On top of that, consumers were risk averse and wanted their money in cash, said Ken Tumin, senior industry analyst at LendingTree and founder of DepositAccounts.com, a bank account comparison site. Deposits increased sharply from $13.4 trillion to $15.3 trillion between February and May 2020.
“So banks actually saw less growth on their loans, while they had strong growth on deposits,” Tumin said. “The purpose of deposits is to fund loans, so they didn’t need to attract deposits to fund those loans.”
But while savings rates are low on average for traditional banks, Tumin said online savings accounts earn a higher return. Some banks are offer prices up to 1.25%.
He said online banks are quicker to respond and have increased savings rates around 8 basis points this year (compared to a meager 1 basis point increase in the national average).
Tumin said online banks offer higher rates because they don’t have to maintain an expensive branch network and there is greater competition because consumers can quickly move their money from bank to bank. ‘other.
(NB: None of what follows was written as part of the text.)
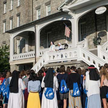 FIAT Days could be described as a week of a thousand prayers — daily holy hours, Mass, a pilgrimage to the National Shrine Grotto of Our Lady of Lourdes, time alone with God. It also includes sports, games and giggles alongside 17 religious sisters in their habits representing different communities.

People using traditional banking services, on the other hand, tend to leave their savings in place because they are not particularly “rate sensitive”.
Online savings rates could eventually push more traditional brick-and-mortar banks to raise rates so they can compete, he added.
And Kourkafas said he believes as the Federal Reserve continues to raise rates, your savings account returns may slowly increase in the coming months.
Consumer savings could decline, in part due to rising inflation, he said. So banks might eventually want to attract more deposits.
The Fed is expected to raise rates five more times this year and plans to raise rates by 50 basis points at its next two meetings. Fed Chairman Jerome Powell also told “Marketplace” host Kai Ryssdal in an interview that the Fed is “ready to do more” and that a 75 basis point hike is not not out of place.
A big question going forward, Kourkafas and Tumin said, is: will there be a recession? Some big banks say yes, although some economists think it can be avoided.
If a recession hits, it will lead to lower consumer spending, which usually means fewer people taking out loans, Tumin explained. And if demand for loans declines, banks won’t need deposits, which will keep deposit interest rates low — even if the Fed raises rates.
Despite the low returns on savings, Tumin said the bank is an “appropriate place” to keep your money if it’s part of an emergency fund or your short-term goals and expenses. But for long-term goals, you should think about investing in options like mutual funds and exchange-traded funds.